Britain leads the way in mastering Facebook, Twitter, YouTube
Facebook Inc. was able to distance itself from the most damning document leak in its history by renaming itself Meta Platforms Inc. last week, but that doesn’t mean it won’t come under regulatory oversight. more stringent in the world. Where will it get the most heat? My bet is UK
After blundering on Brexit, the UK is moving much more effectively on legislation to tackle the same social media misdeeds described by whistleblower Frances Haugen. The online safety bill addresses a wider range of issues than similar proposals from the European Union and is likely to come into force sooner, potentially next year.
The law cleverly links human well-being and free speech by treating social media companies like public environments (not publishers), and with the right finishing touches, it could be a role model for others to follow. governments.
Essentially, social media companies will be required to conduct regular risk assessments of the nature of harmful content on their platforms and take action against such damage as well as any prevalent illegal content. The communications regulator Ofcom will assess companies on these results. If they don’t comply, companies face multi-billion dollar fines and potentially criminal charges for executives.
In other words, social media companies will have to provide much of the type of information Haugen leaked: internal research. This could, for example, be data showing that women in parts of the UK are more likely to read misinformation about COVID-19, or that some teens are ‘over-exposed’ to self-destructive content. Ofcom would then ask the social media company to change its algorithms to change these statistics, or face punishment.
Indeed, social media will become regulated as a risk industry. Haugen hailed the UK bill as a “cutting edge” approach to regulating social platforms.
The bill has its critics, especially on freedom of expression. This risks forcing Facebook and other social media platforms like Alphabet’s Twitter Inc. and YouTube to ‘remove’ content, according to Big Brother Watch, a UK privacy campaign group. United. But so too are efforts to reform free speech laws in the United States, an issue on which there is little consensus. The UK has the advantage of moving quickly and with an existing regulatory agency to test the new rules and suggest changes if necessary.
The real weak link in this promising law is the regulator and its capacities. The bill, as it stands, allows social media companies to set their own standards for defining a risk assessment, not Ofcom. This could facilitate the suppression of due diligence. As Haugen noted in his testimony, “Facebook is good at dancing with data.”
(Facebook’s organizational structure also appears woefully ill-prepared for harm audit. main lobbyist for Facebook, not auditing and monitoring business risk. Committee.)
It will also be difficult for Ofcom, which was designed to regulate telephone companies and television stations, to pivot to the vast online world and its hard-to-measure human rights impacts.
But it’s helpful for the regulator to assess reports provided by tech companies and not necessarily have to hire an army of IT people to investigate their algorithms. Will Perrin, a former public servant who helped set up Ofcom and whose research sparked the upcoming law, tells me Ofcom has a lot of experience and ability to extract the information it needs from people. companies.
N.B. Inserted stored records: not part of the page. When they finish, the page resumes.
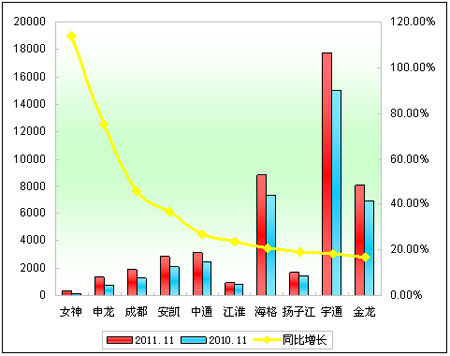 注:2011年前11月销售量未超过300辆大型客车的企业未纳入统计体系。
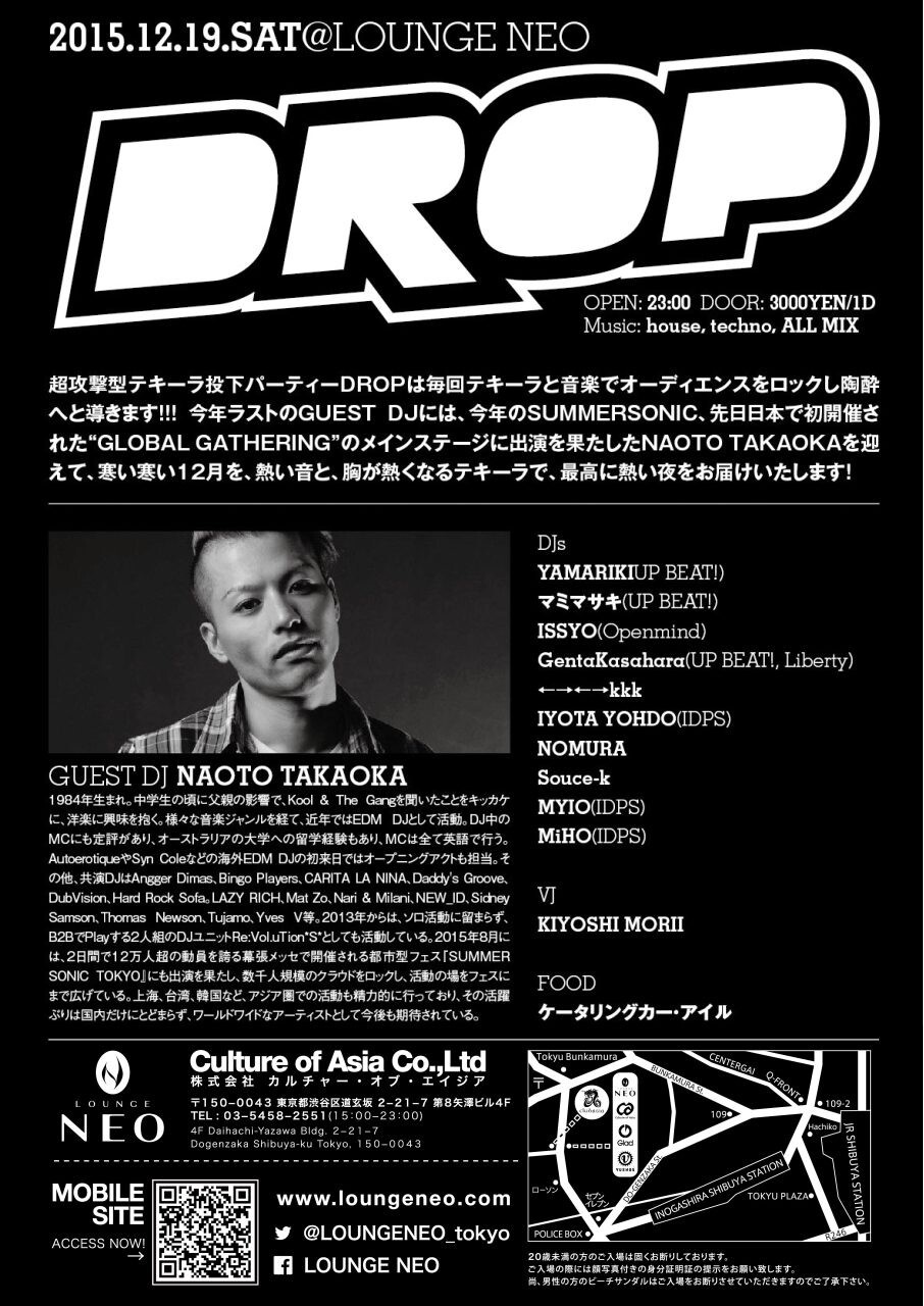 今年ラストのGuest DJには、今年のSUMMER SONICや、先日日本で初開催された【GLOBALGAHERING】のメインステージに出演を果たした「Naoto Takaoka」を迎えて、寒い寒い12月を、熱い音と、胸が熱くなるテキーラで、最高に熱い夜をお届けいたします!!
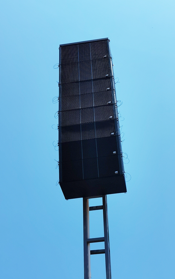 在對戶外體育場擴聲系統設計過程中,JSL爵士龍工程師根據該體育場的實際情況制定了合理、精準可靠的擴聲系統設計方案,考慮到產品在風吹、日曬、雨淋之后是否仍然能夠提供清晰明亮的音質,正因為這一點,所有部件按IP56國際標準進行設計,并在箱體上特別設計了導流、防噴濺裝置。

The current law is fueled by a painful experience. British schoolgirl Molly Russell died by suicide in 2017 after viewing images of self-harm on Facebook’s Instagram, and her father has become a powerful public advocate for the regulation of these platforms. Last month, while questioning Haugen, politicians working on the new law also spoke about threats and abuse they had received on social media, as well as the recent murder of fellow MP Sir David Amess.
The bill is based on a well-known and well-known principle of ‘duty of care’ at the heart of UK health and safety law. This obligation to protect people dates back to 1928, when a woman named Mary Donoghue bought a bottle of ginger ale in Paisley, Scotland, and found a dead snail inside, before falling ill. She sued the maker and won when her case went to the House of Lords. Lord Atkin of Aberdovey, who presided over the case, said in his judgment: “The rule that you must love your neighbor becomes law: ‘You must not hurt your neighbor. “
An age-old principle is now defined as the cornerstone of social media regulation. The UK could be a pioneer in this effort in the same way that the EU launched broader privacy standards with its GDPR law. Hope this is not a missed opportunity.